Re: [PATCH V3 09/10] vfio/pci: Support dynamic MSI-X

From: Reinette Chatre
Date: Wed Apr 19 2023 - 18:04:16 EST


Hi Alex,

On 4/19/2023 2:38 PM, Alex Williamson wrote:
> On Wed, 19 Apr 2023 11:13:29 -0700
> Reinette Chatre <reinette.chatre@xxxxxxxxx> wrote:
>> On 4/18/2023 3:38 PM, Alex Williamson wrote:
>>> On Tue, 18 Apr 2023 10:29:20 -0700
>>> Reinette Chatre <reinette.chatre@xxxxxxxxx> wrote:
>>>
>>>> Recently introduced pci_msix_alloc_irq_at() and pci_msix_free_irq()
>>>> enables an individual MSI-X interrupt to be allocated and freed after
>>>> MSI-X enabling.
>>>>
>>>> Use dynamic MSI-X (if supported by the device) to allocate an interrupt
>>>> after MSI-X is enabled. An MSI-X interrupt is dynamically allocated at
>>>> the time a valid eventfd is assigned. This is different behavior from
>>>> a range provided during MSI-X enabling where interrupts are allocated
>>>> for the entire range whether a valid eventfd is provided for each
>>>> interrupt or not.
>>>>
>>>> Do not dynamically free interrupts, leave that to when MSI-X is
>>>> disabled.
>>>
>>> But we do, sometimes, even if essentially only on the error path. Is
>>> that worthwhile? It seems like we could entirely remove
>>> vfio_msi_free_irq() and rely only on pci_free_irq_vectors() on MSI/X
>>> teardown.
>>
>> Yes, it is only on the error path where dynamic MSI-X interrupts are
>> removed. I do not know how to determine if it is worthwhile. On the
>> kernel side failure seems unlikely since it would mean memory cannot
>> be allocated or request_irq() failed. In these cases it may not be
>> worthwhile since user space may try again and having the interrupt
>> already allocated would be helpful. The remaining error seems to be
>> if user space provided an invalid eventfd. An allocation in response
>> to wrong user input is a concern to me. Should we consider
>> buggy/malicious users? I am uncertain here so would defer to your
>> guidance.
>
> I don't really see that a malicious user can exploit anything here,
> their irq allocation is bound by the device support and they're
> entitled to make use of the full vector set of the device by virtue of
> having ownership of the device. All the MSI-X allocated irqs are freed
> when the interrupt mode is changed or the device is released regardless.
>
> The end result is also no different than if the user had not configured
> the vector when enabling MSI-X or configured it and later de-configured
> with a -1 eventfd. The irq is allocated but not attached to a ctx.
> We're intentionally using this as a cache.
>
> Also, as implemented here in v3, we might be freeing from the original
> allocation rather than a new, dynamically allocated irq.

Great point.

>
> My thinking is that if we think there's a benefit to caching any
> allocated irqs, we should do so consistently. We don't currently know
> if the irq was allocated now or previously. Tracking that would add
> complexity for little benefit. The user can get to the same end result
> of an allocated, unused irq in numerous way, the state itself is not
> erroneous, and is actually in support of caching irq allocations.
> Removing the de-allocation of a single vector further simplifies the
> code as there exists only one path where irqs are freed, ie.
> pci_free_irq_vectors().
>
> So I'd lean towards removing vfio_msi_free_irq().

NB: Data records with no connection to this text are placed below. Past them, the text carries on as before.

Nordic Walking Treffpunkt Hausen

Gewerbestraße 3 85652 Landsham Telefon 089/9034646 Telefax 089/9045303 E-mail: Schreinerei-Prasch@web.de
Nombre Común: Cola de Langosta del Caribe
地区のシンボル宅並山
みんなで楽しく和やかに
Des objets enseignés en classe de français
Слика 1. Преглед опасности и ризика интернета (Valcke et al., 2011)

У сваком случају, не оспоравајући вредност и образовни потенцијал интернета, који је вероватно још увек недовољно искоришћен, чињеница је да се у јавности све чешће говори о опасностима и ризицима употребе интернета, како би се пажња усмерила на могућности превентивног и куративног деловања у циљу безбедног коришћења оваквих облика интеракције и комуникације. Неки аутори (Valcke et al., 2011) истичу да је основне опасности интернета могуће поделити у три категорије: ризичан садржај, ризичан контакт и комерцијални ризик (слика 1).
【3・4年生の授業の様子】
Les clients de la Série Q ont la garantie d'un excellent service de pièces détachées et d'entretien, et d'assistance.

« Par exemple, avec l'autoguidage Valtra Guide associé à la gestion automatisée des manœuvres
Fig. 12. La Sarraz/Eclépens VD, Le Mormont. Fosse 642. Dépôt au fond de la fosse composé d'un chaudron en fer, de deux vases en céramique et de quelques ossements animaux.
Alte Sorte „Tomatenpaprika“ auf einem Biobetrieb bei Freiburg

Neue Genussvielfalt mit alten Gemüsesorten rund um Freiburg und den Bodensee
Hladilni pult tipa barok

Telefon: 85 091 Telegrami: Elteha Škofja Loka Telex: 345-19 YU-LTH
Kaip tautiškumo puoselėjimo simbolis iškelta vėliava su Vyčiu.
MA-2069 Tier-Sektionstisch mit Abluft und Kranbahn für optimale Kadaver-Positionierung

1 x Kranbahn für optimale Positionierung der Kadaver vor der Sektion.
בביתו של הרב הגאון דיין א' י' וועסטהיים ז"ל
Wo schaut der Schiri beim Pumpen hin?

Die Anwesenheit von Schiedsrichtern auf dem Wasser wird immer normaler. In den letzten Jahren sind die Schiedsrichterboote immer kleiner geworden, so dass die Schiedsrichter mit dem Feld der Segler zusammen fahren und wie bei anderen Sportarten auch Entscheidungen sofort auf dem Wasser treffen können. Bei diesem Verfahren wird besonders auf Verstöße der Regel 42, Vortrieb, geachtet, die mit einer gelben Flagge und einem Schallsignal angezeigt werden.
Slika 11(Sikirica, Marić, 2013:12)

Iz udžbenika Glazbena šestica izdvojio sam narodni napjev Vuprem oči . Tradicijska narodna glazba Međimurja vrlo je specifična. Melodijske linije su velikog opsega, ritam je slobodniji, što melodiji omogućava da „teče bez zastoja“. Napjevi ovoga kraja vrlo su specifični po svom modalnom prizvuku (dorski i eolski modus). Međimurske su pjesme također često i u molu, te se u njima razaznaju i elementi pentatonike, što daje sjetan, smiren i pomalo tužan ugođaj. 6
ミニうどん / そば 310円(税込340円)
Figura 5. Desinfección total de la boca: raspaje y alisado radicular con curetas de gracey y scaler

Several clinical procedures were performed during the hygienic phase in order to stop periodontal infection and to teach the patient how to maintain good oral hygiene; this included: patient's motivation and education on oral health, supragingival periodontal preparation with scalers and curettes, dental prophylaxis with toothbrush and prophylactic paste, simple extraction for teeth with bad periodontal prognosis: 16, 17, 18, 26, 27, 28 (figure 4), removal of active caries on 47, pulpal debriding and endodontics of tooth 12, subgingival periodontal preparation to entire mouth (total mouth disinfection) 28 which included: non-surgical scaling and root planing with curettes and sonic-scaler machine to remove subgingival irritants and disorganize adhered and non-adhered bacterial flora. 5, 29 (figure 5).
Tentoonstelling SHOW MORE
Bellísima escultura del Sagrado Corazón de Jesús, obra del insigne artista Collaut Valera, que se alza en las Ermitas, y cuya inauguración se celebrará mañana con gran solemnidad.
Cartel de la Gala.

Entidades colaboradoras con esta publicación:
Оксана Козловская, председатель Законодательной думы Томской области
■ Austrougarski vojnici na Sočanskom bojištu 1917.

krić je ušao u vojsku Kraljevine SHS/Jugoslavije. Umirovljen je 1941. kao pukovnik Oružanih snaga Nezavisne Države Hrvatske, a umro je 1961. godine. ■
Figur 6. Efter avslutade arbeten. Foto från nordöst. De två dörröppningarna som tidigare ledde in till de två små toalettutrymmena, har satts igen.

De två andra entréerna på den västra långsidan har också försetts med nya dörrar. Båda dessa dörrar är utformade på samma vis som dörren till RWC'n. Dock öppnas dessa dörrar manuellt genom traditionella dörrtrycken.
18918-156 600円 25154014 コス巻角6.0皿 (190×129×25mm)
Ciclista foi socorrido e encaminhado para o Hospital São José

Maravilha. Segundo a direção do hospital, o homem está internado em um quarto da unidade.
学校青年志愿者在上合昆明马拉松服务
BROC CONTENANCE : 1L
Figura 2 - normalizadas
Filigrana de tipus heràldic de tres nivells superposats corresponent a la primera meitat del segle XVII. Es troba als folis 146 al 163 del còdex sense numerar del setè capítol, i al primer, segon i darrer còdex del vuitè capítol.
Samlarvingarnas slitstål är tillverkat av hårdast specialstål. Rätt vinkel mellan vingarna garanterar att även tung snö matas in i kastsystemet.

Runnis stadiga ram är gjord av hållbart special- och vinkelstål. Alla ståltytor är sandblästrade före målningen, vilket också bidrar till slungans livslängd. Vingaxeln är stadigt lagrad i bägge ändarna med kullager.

Thank you for your detailed analysis. I understand and agree.
I will remove vfio_msi_free_irq().

>
>>> I'd probably also add a comment in the commit log about the theory
>>> behind not dynamically freeing irqs, ie. latency, reliability, and
>>> whatever else we used to justify it. Thanks,
>>
>> Sure. How about something like below to replace the final sentence of
>> the changelog:
>>
>> "When a guest disables an interrupt, user space (Qemu) does not
>> disable the interrupt but instead assigns it a different trigger. A
>> common flow is thus for the VFIO_DEVICE_SET_IRQS ioctl() to be
>> used to assign a new eventfd to an already enabled interrupt. Freeing
>> and re-allocating an interrupt in this scenario would add unnecessary
>> latency as well as uncertainty since the re-allocation may fail. Do
>> not dynamically free interrupts when an interrupt is disabled, instead
>> support a subsequent re-enable to draw from the initial allocation when
>> possible. Leave freeing of interrupts to when MSI-X is disabled."
>
> There are other means besides caching irqs that could achieve the above,
> for instance if a trigger is simply swapped from one eventfd to another,
> that all happens within vfio_msi_set_vector_signal() where we could
> hold the irq for the transition.
>
> I think I might justify it as:
>
> The PCI-MSIX API requires that some number of irqs are
> allocated for an initial set of vectors when enabling MSI-X on
> the device. When dynamic MSIX allocation is not supported, the
> vector table, and thus the allocated irq set can only be resized
> by disabling and re-enabling MSIX with a different range. In
> that case the irq allocation is essentially a cache for
> configuring vectors within the previously allocated vector
> range. When dynamic MSIX allocation is supported, the API
> still requires some initial set of irqs to be allocated, but
> also supports allocating and freeing specific irq vectors both
> within and beyond the initially allocated range.
>
> For consistency between modes, as well as to reduce latency and
> improve reliability of allocations, and also simplicity, this
> implementation only releases irqs via pci_free_irq_vectors()
> when either the interrupt mode changes or the device is
> released.
>
> Does that cover the key points for someone that might want to revisit
> this decision later? Thanks,

It does so clearly, yes. Thank you so much for taking the time to
write this. I will include it in the changelog.

Reinette